Eat with your eyes at Mt Nelson’s popular Signal Station restaurant, where the new owner/chef is creating visually striking meals with vibrant colours — and serving a delicious dessert, writes JESSICA HOWARD.

The expansive view from the Signal Station restaurant at Mount Nelson. Picture: MATT THOMPSON
The expansive view from the Signal Station restaurant at Mount Nelson. Picture: MATT THOMPSON

MOST Hobartians will already be familiar with the restaurant perched high above Hobart on the site of the old signal station on Mt Nelson.

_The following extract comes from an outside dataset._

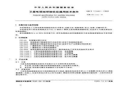 本标准规定了卫星电视地球接收站的技术要求、试验方法、检验规则、标志、包装、运输和贮存。本标准适用于彩色电视制式为PAL-D制的C频段卫星电视地球接收站,也适用于与通信兼容的电视地球站。 GB/T 11442-1995 卫星电视地球接收站通用技术条件 GB/T11442-1995 标准下载解压密码:www.bzxz.net

Renowned for its spectacular view stretching from the city down to north Bruny Island, the restaurant has had several different owners and different styles over the years.

ON THE MENU

Open lamb burger, $26; mega breakfast, $24; and warm Dutch chocolate and coconut brownie, $16.50.

It has been a favourite haunt of locals, including TasWeekend writer Charles Wooley, who was so enamoured with executive chef Robbie McLean’s Mediterranean influenced seafood chowder he devoted an entire column to it in the pages of this magazine last year.

The chowder remains on the menu, but one big change is that Robbie is now part-owner of the restaurant along with his brother Matt.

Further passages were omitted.